▶ **Your objective**: From top to bottom, retype the data exactly, passing over any picture.

(Data)

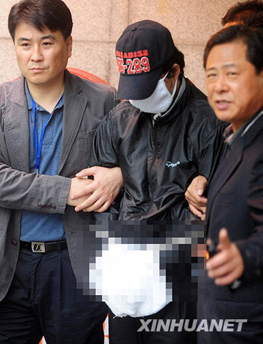 10月23日上午,韓國警方與20日在首爾某旅館制造縱火行兇事件的嫌犯鄭某(戴口罩者)到案發現場取證。新華社/韓國紐西斯通訊社
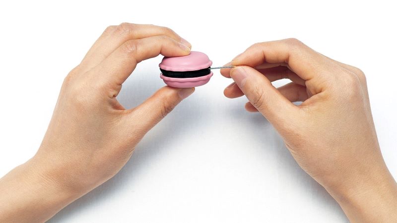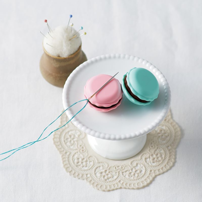 The Sweet 'n Sharp Macaron is a cute magnetic needle holder and needle sharpener.
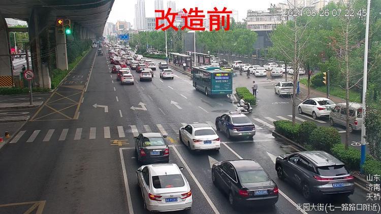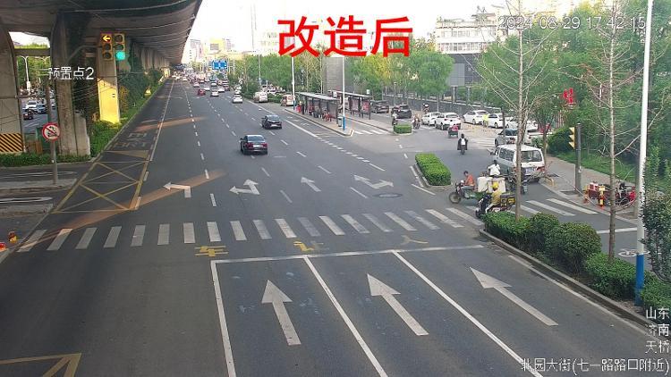 记者了解到,济南首条双可视智能可变导向车道北园大街历山路路口西口正式启用,优化后西口晚高峰直行的排队长度由340米降低至200米,降低了约41.2%,西口交通拥堵得到较大程度的缓解。
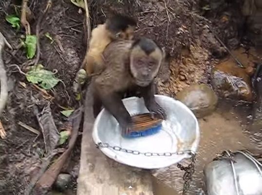 子供をおぶって洗い物をする猿。上手に道具を使って洗い物をしているその姿は、まるで人間のお母さん。

(End Data)

▶ **Output for this exercise**:
 10月23日上午,韓國警方與20日在首爾某旅館制造縱火行兇事件的嫌犯鄭某(戴口罩者)到案發現場取證。新華社/韓國紐西斯通訊社
 The Sweet 'n Sharp Macaron is a cute magnetic needle holder and needle sharpener.
 记者了解到,济南首条双可视智能可变导向车道北园大街历山路路口西口正式启用,优化后西口晚高峰直行的排队长度由340米降低至200米,降低了约41.2%,西口交通拥堵得到较大程度的缓解。
 子供をおぶって洗い物をする猿。上手に道具を使って洗い物をしているその姿は、まるで人間のお母さん。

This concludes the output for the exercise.